Regardless, I am not sure this is the right approach to take to write a native OS X version of CKAN, as it is incredibly bug-prone without any strong-typing around the calls to CKAN.dll. Here are the options I see we could take in order to make this task feasible:

  1. Re-write CKAN for Cocoa. We have two parallel versions of the same application that need maintained. This may simplify some things by removing the need to handle OS X quirks in the Mono version of CKAN, but ultimately this would probably double the amount of development effort needed in order to maintain two versions of the same application.
  2. Use the prior-demonstrated Mono embedding technique to link to CKAN and call it directly from a Cocoa application. I (and probably most devs) would prefer to use Swift instead of Obj-C for this, but as I have found there are some gaping holes with it that would likely require us to write a bridging layer in C/C++/Obj-C to handle the interoperability problems. The other downside to writing it in Swift is that we would have to distribute a 64-bit version of the Mono runtime with the application (Swift only runs on x86-64), as the Mono Project does not currently distribute 64-bit builds for Mac (and I don't think relying on users to install one is the right way to go). Obj-C apps can be built for i386, which would bypass this issue.
  3. Re-write CKAN Core in a more FFI-friendly language (ex. C, Rust). At first, I thought Python might be the right choice in this regard as it strikes a good balance with greater developer community familiarity and language simplicity, but the embedding interface for it is no better than Mono's. I am a personal fan of Rust, but I am not sure how many compatibility issues we would run into using it on both Windows and Unix platforms.
  4. Re-architect CKAN so that the command line interface becomes a first-class citizen. This is probably the most sane option, as it allows us to keep all of the existing codebase while bringing the command line functionality up to par with the GUI version. We can then write a Mac version that simply calls out to a new CKAN process for each operation. This avoids all the nastiness around linking Mono and Cocoa into one application, but still allows the existing Mono UI implementation to continue linking to CKAN Core. Building out the command-line version of CKAN also opens up more capabilities, allowing users to create re-usable scripts to restore KSP setups if something breaks. This could also apply for mod developers to simplify troubleshooting and reproducing bugs. However, the existing export functionality might already fulfill this role (not sure how capable it is for these purposes as I have never used it).

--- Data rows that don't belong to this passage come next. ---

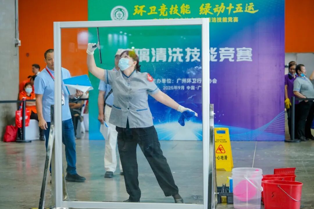 恰逢广州环卫行业协会成立 25 周年,以“贯彻习近平生态文明思想、落实‘城市管理要像绣花一样精细’指示精神” 为核心,聚焦环卫基础作业的专业化、精细化提升,展会举办了“广州环卫行业协会环卫清洁技能竞赛”——“玻璃清洗技能”与“全自动洗地机作业技能”两大板块竞赛。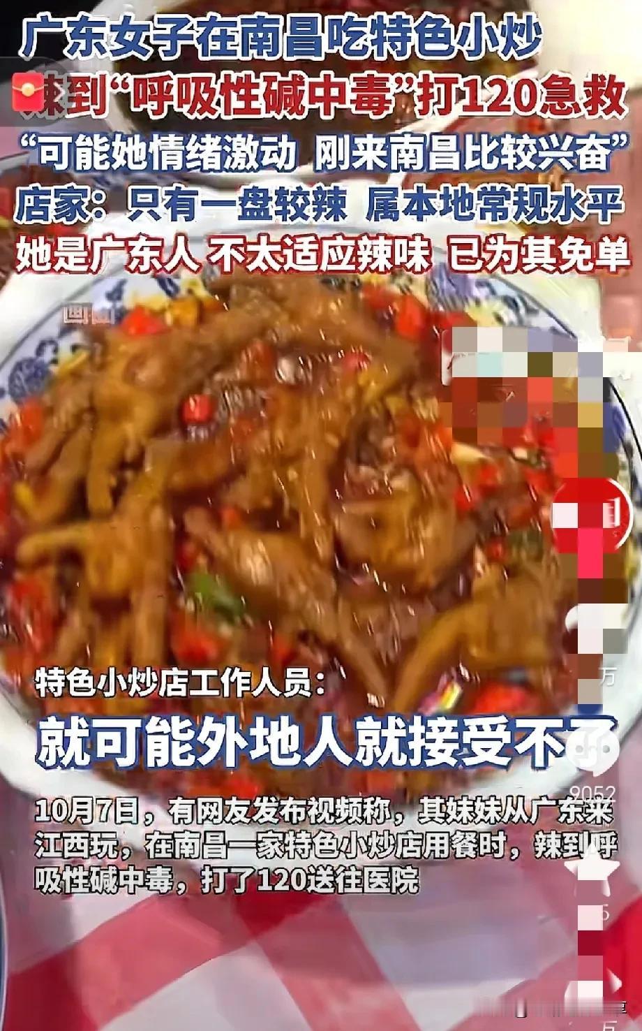 这下好了, 不止南昌知道了,全国都知道了, 事实证明,广东人是真的吃不了辣! 10月5日,广东一女子来江西南昌旅游,可能情绪比较激动,刚来南昌比较兴奋,非得体验一下南昌特色小炒,结果把自己干进医院了!而病因就是被辣到“呼吸性碱中毒”! 事后该店为表示,该女子只点了一盘辣的,那也是当地的正常标准,其他都是不辣的,应该是她吃的比较清淡吧,并已经为该女子免单! 一方水土养一方人,每个地方都有每个地方的饮食文化,广东饮食清淡是全国出名的,而江西吃辣也是闻名全国的! 出来旅游,就是为了看美景尝美食体验当地不一样的风土人情!而品尝当地特色美食是了解当地文化最快的方式,但切记,要量力而行! 大家觉得呢?广东人吃辣梗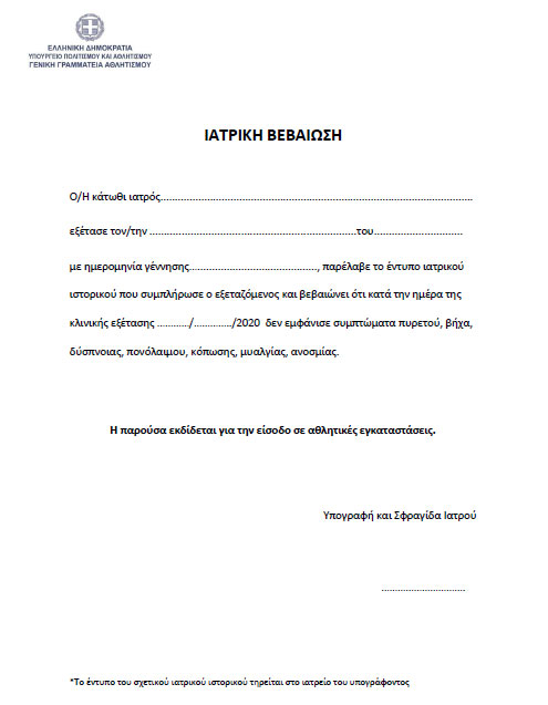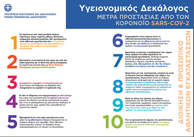Υγειονομικά πρωτόκολλα που πρέπει να τηρούνται και άλλες οδηγίες, θα βρείτε στα site της Γενικής Γραμματείας Αθλητισμού https://gga.gov.gr/ και του ΣΕΓΑΣ www.segas.gr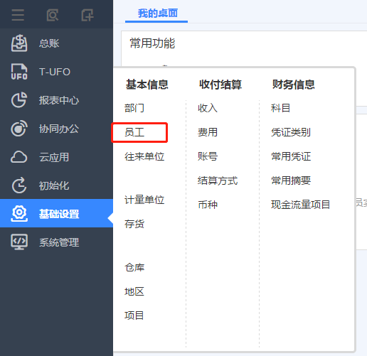 ②員工的增加、刪除、修改 若是想要進行個人輔助核算,點擊基礎(chǔ)設(shè)置->員工。

CalMlynarczyk avatar Nov 07 '15 18:11 CalMlynarczyk

Thanks for your research! I was afraid that this could be somewhat ugly, and especially so in Swift. Even though we are constantly being told otherwise, interfacing with the outside world is still pretty ugly in Swift... I think I'll give this a shot in good old Objective-C. If the code looks any more sane than that atrocity you fabricobbled together there, I'll report back ;)

Crazor avatar Nov 10 '15 20:11 Crazor

I have created a fork of CKAN where I will track the work I have done. There is an XCode project under the directory OSX, if you would like to work off of something that is already up and running.